2 . The modified-release dosage form according to claim 1 , wherein said modified-release dosage form is a tablet.
3 . A method for weight management, comprising administering to an individual in need thereof, the modified-release dosage form according to claim 1 .
4 . The method according to claim 3 , wherein said method comprises a plurality of administrations of said modified-release dosage form, with a frequency wherein the average interval between any two sequential said administrations is:
at least about 24 hours; or about 24 hours.

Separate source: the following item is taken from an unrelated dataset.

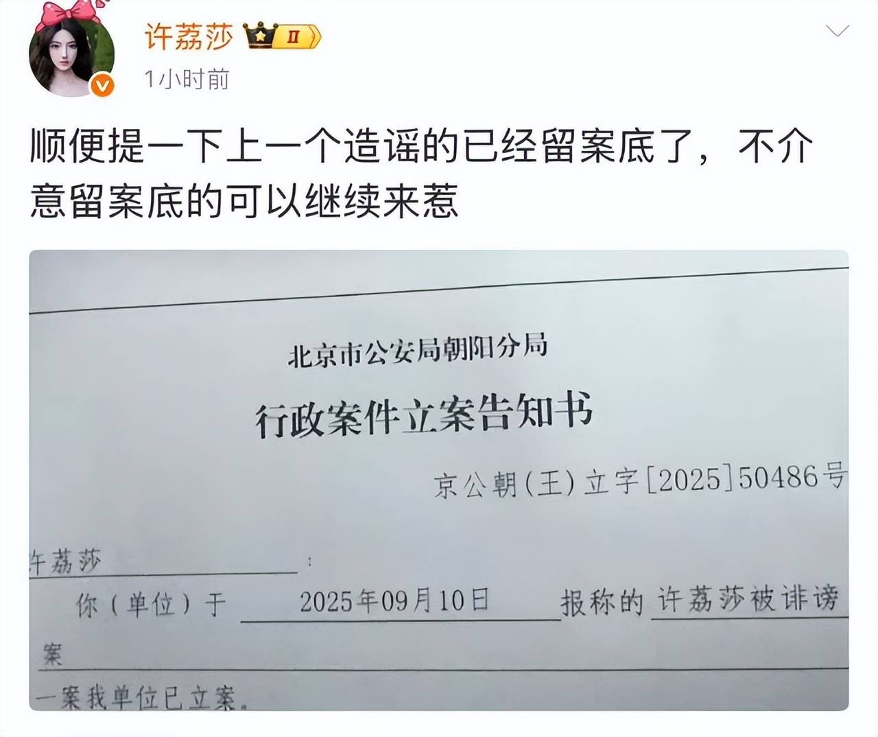 这并非许荔莎首次“亮剑”。她同时强硬警告对方粉丝:“蠢货别惹别洗白,造谣洗白我们就继续,顺便等着收律师函。”为了佐证自己并非空口威胁,她还晒出了一份关键文件——北京市公安局朝阳分局的行政案件立案告知书(案件号:京公朝(王)立字[2025]50486号),并配文“上一个造谣的已留案底”。不过,法律人士指出,这份文书仅证明其报称被诽谤的案件已被警方受理,属于行政立案程序,与经过法院判决形成的刑事“案底”并非同一概念。但这手操作,无疑大幅提升了这场口水战的严肃性和对抗等级。

5 . The method according to claim 3 , wherein said method comprises a plurality of administrations of said modified-release dosage form, and wherein said modified-release dosage form is administered once-a-day.
6 . The method according to claim 3 , wherein said plurality of administrations is:
at least about 30; at least about 180; at least about 365; or at least about 730.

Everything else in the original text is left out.